# How can I make grilled chicken brease less dry?



## Kennyken (Jun 20, 2011)

Using a George foreman grill to cook chicken breast fillets but I find them so dry.

What can i do to them ?

Cheers


----------



## Thunderstruck (Sep 20, 2010)

marfinade them before hand or dont cook then for so long.


----------



## Glassback (Jun 18, 2010)

Wrap in tin foil


----------



## C.Hill (Nov 21, 2010)

Dip in a glass of water before eating


----------



## Nocarbs (Aug 5, 2011)

marinade for 12 hours before, so do them night before, then cook in tinfoil, Yum

Look at my thread for 15 chicken marinades


----------



## Mitch. (Jul 26, 2011)

Glassback said:


> Wrap in tin foil


I do this and drizzle with EVOO. Works fine for me.


----------



## Kennyken (Jun 20, 2011)

Wrap the chicken in tinfoil and put it in the George

Any ideas on marinades ?


----------



## Nocarbs (Aug 5, 2011)

Kennyken said:


> Wrap the chicken in tinfoil and put it in the George
> 
> Any ideas on marinades ?


did say read my recent thread, but here it is

These quick flavouring suggestions are suitable for everyday eating and will only require a few things already on hand in most kitchen cabinets. The best way to marinate chicken, is too put it in a Ziploc Bag with the marinade and let marinate in the fridge for 12 hours or overnight.

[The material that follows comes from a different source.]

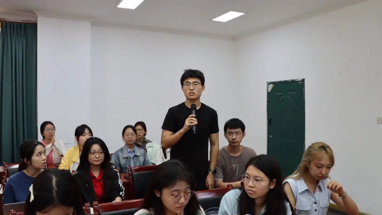 王乾沣代表主席团及书记处发言,他对新加入团委学生会的同学们表示热烈欢迎并介绍团学工作概况,强调工作纪律性,也鼓励各部门积极打造有特色的创新性活动。同时,他对本学期团学工作提出了几点注意事项,包括:为部门主办的活动预留策划与筹备的时间,注意院校联动活动的报名及相关材料的报送,加强各部门之间的联动等。

Tobasco: Tabasco Sauce, Garlic Powder, Onion Powder, and Black Pepper

Italian: Rosemary, Basil, Tarragon, stewed Tomatoes

Lemon-Pepper: Lemon Juice and Black Pepper

Lemon-Dill: Lemon Juice, Dill and Black Pepper

Vinaigrette: Balsamic vinegar and Dijon Mustard

Spicy Tex Mex: Salsa and Chili Powder

Garlic & Pepper: Garlic Powder, minced Garlic and Black Pepper

Lemon & Rosemary: Lemon juice, Rosemary, Garlic Powder

Honey BBQ: Low-Carb Ketchup, Honey, Worcestershire Sauce, Lemon Juice,Hot Sauce

Orange Ginger: Orange Juice, Red Wine Vinegar, Ginger, Orange Zest, Salt,Pepper

Honey Mustard: Dijon Mustard, White Wine Vinegar, Soy Sauce, Honey, Garlic

Korean: Soy Sauce, Water, Stevia, Lemon Juice, Onion Powder, Ginger. Red Pepper Flakes, Garlic, Chili

Teriyaki: Soy Sauce, Sherry, Stevia, Mustard Powder, Ginger, Garlic

Worcester-Lemon: Lemon Juice, Olive Oil, Worcestershire Sauce, Salt, Thyme, Garlic, Paprika

Jalapeno-Lime: Orange Juice, Lime Juice, Honey, Cumin, Salt, Garlic,Chopped Jalapeno Peppers


----------



## Fat (Jan 2, 2010)

Nandos marinade, reggae reggae


----------



## Guest (Sep 28, 2011)

I fry mine with EVO oil and then have a serving of lettuce and a hot chilli dip. I dont find this too dry because of the dip.


----------



## Sureno (Feb 8, 2011)

You may be over cooking it's a fine line between moist and dry, try taking them off a couple minutes sooner, cut into the meat to ensure no pink bits and away you go bro


----------



## Guest (Oct 3, 2011)

Soon as mine isnt pink its off the george, and in ma belly. Also i give it some evoo before cooking


----------



## Suprakill4 (Jul 11, 2008)

Sureno said:


> You may be over cooking it's a fine line between moist and dry, try taking them off a couple minutes sooner, cut into the meat to ensure no pink bits and away you go bro


Good advice, i used to overcook mine and hated it but didnt know i was overcooking untill the missus made it for me


----------



## sunn (Apr 11, 2011)

Personally I don't use the george but prefer boiling now much better!


----------



## Kennyken (Jun 20, 2011)

Cheers lads just out of interest where do you buy bulk chicken breasts?


----------



## Sureno (Feb 8, 2011)

Have to say I'm not keen on the george, I find it broils my meat especially steaks. Iv invested in a high quality griddle, fantastic results but a pain to clean and maintain


----------



## QUEST (Sep 26, 2009)

sunn said:


> Personally I don't use the george but prefer boiling now much better!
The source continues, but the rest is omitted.